Aparentemente os fatores que compõem o cenário geopolítico da região
atravessam aquelas fronteiras e vêem influindo nas decisões e impedindo povos
que são primos e que viveram juntos ao longo dos séculos em harmonia agora se
enfrentem como inimigos irreconciliáveis. Como este cenário é parte de um
mosaico maior freqüentemente ouvimos manifestações para que as Nações Unidas
intervenham para encontrar de fora para dentro os instrumentos capazes de
compor os interesses em conflito. Isto não significa que razões graves
internas, não deflagrem os conflitos que conhecemos, mas certamente não é
desprezível a necessidade de influir na região que detém 70 % das reservas de
petróleo do mundo.
Os fundamentalistas de ambos os lados encontram na religião na
política local na luta por espaço e na necessidade de dominação estratégica as
razões para preconizar a mútua eliminação através da total expulsão e
extermínio dos territórios considerados santos. Mas é preciso lembrar que
freqüentemente as verdadeiras razões não apresentadas não são necessariamente
nem as dos judeus nem as dos palestinos (5).

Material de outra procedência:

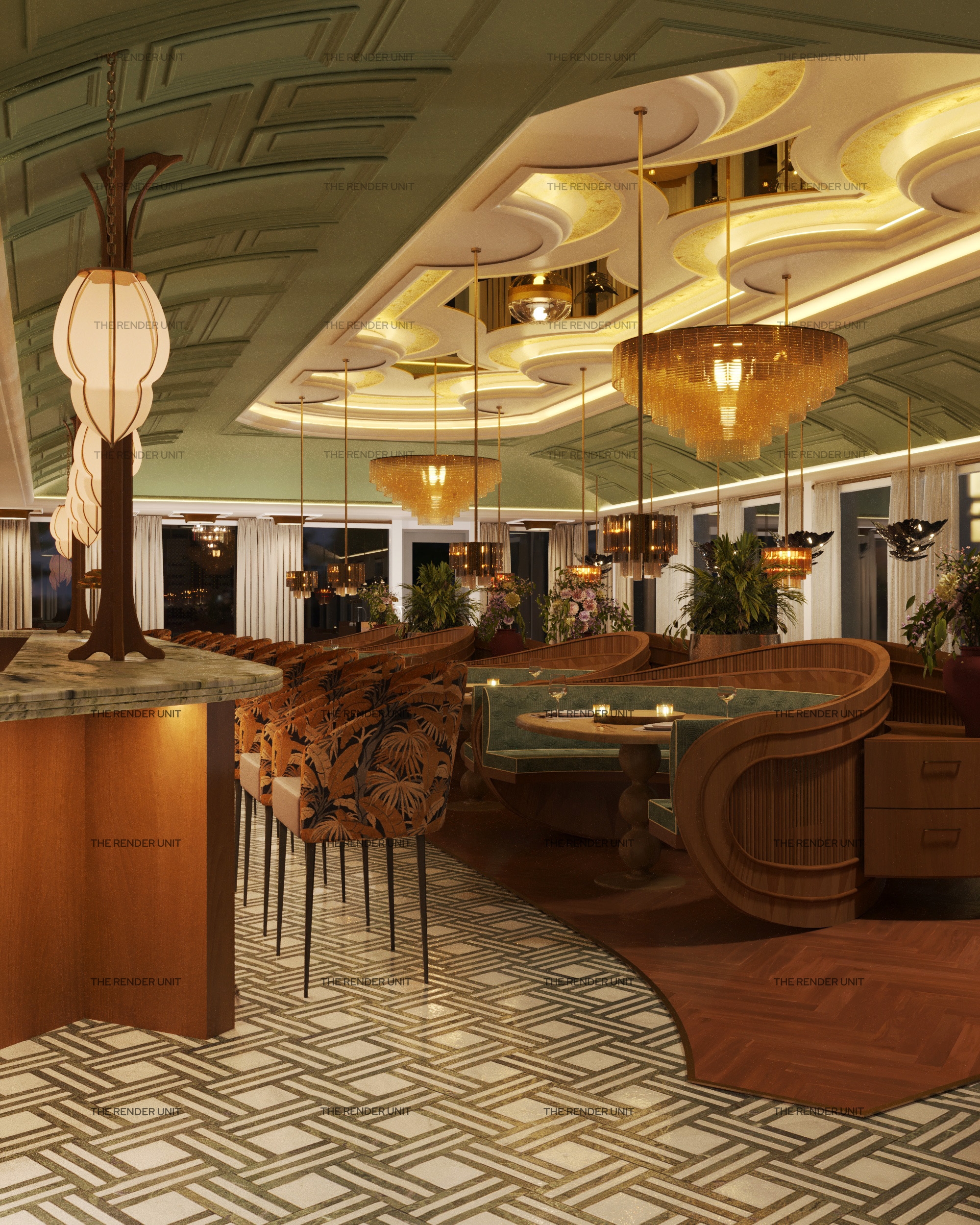 DEPWAH will provide a refined and immersive dining experience in the heart of Scottsdale. Both indoor and outdoor dining areas draw inspiration from classic French cafes and brasseries with a modern Vietnamese-inspired tone. Showstopper moments include an intricate Art Nouveau bar and the vaulted ceiling with abstract picture frame molding.

Mas neste teatro horrores em que vai se transformando o berço da cultura e da civilização e dos valores éticos e morais que o mundo ocidental conhece, onde cada um se acha no direito a vingar-se de sua tragédia pessoal às coisas vão escapando do controle. Como em todo o conflito, interno, as vítimas que nos causam maior indignação são da população civil, cujo drama assistimos através dos meios de comunicação. São os inocentes de ambos os lados, crianças, velhos, mulheres todos quase sempre sem uniformes.

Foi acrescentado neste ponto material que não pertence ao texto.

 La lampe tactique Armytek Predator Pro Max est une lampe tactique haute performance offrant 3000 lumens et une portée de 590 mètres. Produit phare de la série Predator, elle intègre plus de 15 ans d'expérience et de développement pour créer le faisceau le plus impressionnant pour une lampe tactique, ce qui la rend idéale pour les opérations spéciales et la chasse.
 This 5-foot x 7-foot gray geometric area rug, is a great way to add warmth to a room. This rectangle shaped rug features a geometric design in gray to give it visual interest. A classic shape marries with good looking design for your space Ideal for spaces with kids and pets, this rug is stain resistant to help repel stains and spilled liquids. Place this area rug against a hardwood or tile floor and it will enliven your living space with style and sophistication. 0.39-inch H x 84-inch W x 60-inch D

Pode, perfeitamente possuir um papel relevante o fato de que sendo
fundamental o controle do petróleo na região e perfeitamente presumível que
este século deve ser o da mudança de matriz energética seja pela poluição
oriunda do CO2, ou seja, pelo conhecido esgotamento das reservas conhecidas.
Tudo leva a crer que, na atual circunstância, nem Israel nem os palestinos
possuem condições para por cobro a escalada de violência. Os EUA, evidentemente
não possuem a neutralidade necessária para gerir uma negociação o que já foi
tentada de várias maneiras.
Resta á ONU a possibilidade de fazer uma intervenção militar externa
que em nome da comunidade mundial teria a necessária isenção para uma tarefa de
tal magnitude. Enquanto isto não acontece resta buscar nos exemplo dos
ancestrais a sabedoria necessária para encontrar o caminho da paz que já
viveram e merecem viver.
Notas:
1 - MISHNAH (em hebraico
significa repetir, repetição da tradição). O talmud produziu acontecimentos
significativos na religião judaica. Cada uma das três divisões maiores dessa
obra a Mecha (o código das leis orais), A Guevara (comentário e elaboração de
textos da Mecha) e o Medira (exposição e interpretação popular da Bíblia em
forma de sermão). Tornou-se o repositório dos esforços judaicos coletivos
visando a uma filosofia mais harmoniosa. (Conhecimento judaico Editor Tradição,
Rio de Janeiro 1967).
2 - Maomé ou Mohamed, profeta
do Islã, Meca 570-632 Maomé dá às raízes puramente árabes a organização
cultural e litúrgica. Hachette Dictionaire, Paris, 1992.
3 - ALCORÃO (Do Árabe.
Al-qurãn, a leitura por excelência. Livro sagrado do Islamismo, Dicionário
Aurélio, Editora Nova Fronteira).
4 - EMILE Dermenghem MAHOMET et la
tradition islamique, Maitres spirituels, aux editions du seuil, 1957, pp.
87-88.
5 - Apud artigo da folha de São
Paulo de 20 de maio 2002, SINGER Paul é professor da Faculdade de Economia e
Administração da USP e pesquisador do Cebrap.
Resumo:
Em vista da nova
situação mundial, este paper propõe-se a
examinar as conseqüências da crise no Oriente Médio e os caminhos que os mais
experientes indicaram. Trata do tempo no qual as pessoas daquela região podiam
viver numa paz que eles certamente merecem viver.
Abstract:
In
view of the new world situation this work aims to examine the consequences of
the actual Middle East crisis and the path their elders pointed out long ago.
It’s about a time when people on that region could live in peace and they sure
should.
Palavras-chave:
Oriente Médio, política internacional, conflito, ONU, petróleo.